2.   Accounting change for uncertainty in income taxes
    Effective January 1, 2007, the company adopted the FASB Interpretation No. 48 (FIN 48), “Accounting for Uncertainty in Income Taxes”. FIN 48 is an interpretation of FASB Statement No. 109, “Accounting for Income Taxes” and prescribes a comprehensive model for recognizing, measuring, presenting and disclosing in the financial statements uncertain tax positions that the company has taken or expects to take in its income tax returns. Upon the adoption of FIN 48, the company recognized a transition gain of $14 million in shareholders’ equity, reflected as cumulative effect of accounting change in the consolidated statement of shareholders’ equity.

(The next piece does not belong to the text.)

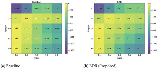 Figure 3 and Figure 4 show the average episodic return for each domain in the Pendulum and Walker tasks, respectively. We observe that the improvements are especially evident in domains with extreme conditions, such as the low length in the Pendulum task and the low gravity in the Walker task. Specifically, when the length is 0.1 in the Pendulum task, the BDR achieves an average episodic return of −670.6, outperforming the baseline, which exhibits an average return of −772. This represents a 13.13% improvement. When the gravity is 1 in the Walker task, the BDR improves an average episodic return by 11.38%, achieving an average episodic return of 763.4 while the baseline only achieves an average return of 685.4.
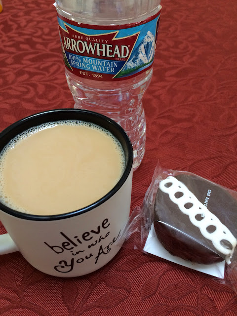 For breakfast I had 3 blueberry pancakes topped with 1/4 of a cup frozen blueberries and 1/2 of banana with sugar free syrup. I had coffee with creamer and stevia sweetener and bottled water to drink.Breakfast Cal Intake: 675

The gain reflected the recognition of several refund claims with associated interest, partly offset by increased income tax reserves. FIN 48 also resulted in a reclassification of amounts previously reported net on the balance sheet. The balance sheet reclassification resulted in a $534 million increase to long-term receivables, investments and other long-term assets; a $363 million increase to income taxes payable; a $142 million increase to other long-term obligations; and a $15 million increase to deferred tax liabilities. See note 5, Income taxes, for additional disclosures.
 
3.   Business segments
    The company operates its business in Canada. The natural resources, petroleum products and chemicals functions best define the operating segments of the business that are reported separately. The factors used to identify these reportable segments are based on the nature of the operations that are undertaken by each segment and the structure of the company’s internal organization. The natural resources segment is organized and operates to explore for and ultimately produce crude oil and its equivalent, and natural gas. The petroleum products segment is organized and operates to refine crude oil into petroleum products and the distribution and marketing of these products. The chemicals segment is organized and operates to manufacture and market hydrocarbon-based chemicals and chemical products. The above segmentation has been the long-standing practice of the company and is broadly understood across the petroleum and petrochemical industries.
 
    These functions have been defined as the operating segments of the company because they are the segments (a) that engage in business activities from which revenues are earned and expenses are incurred; (b) whose operating results are regularly reviewed by the company’s chief operating decision maker to make decisions about resources to be allocated to each segment and assess its performance; and (c) for which discrete financial information is available.
 
    Corporate and other includes assets and liabilities that do not specifically relate to business segments – primarily cash, long-term debt and liabilities associated with incentive compensation and post-retirement benefits liability adjustment. Net income in this segment primarily includes financing costs, interest income and incentive compensation expenses.
 
    Segment accounting policies are the same as those described in the summary of significant accounting policies. Natural resources, petroleum products and chemicals expenses include amounts allocated from the “corporate and other” segment. The allocation is based on a combination of fee for service, proportional segment expenses and a three-year average of capital expenditures. Transfers of assets between segments are recorded at book amounts. Intersegment sales are made essentially at prevailing market prices. Assets and liabilities that are not identifiable by segment are allocated.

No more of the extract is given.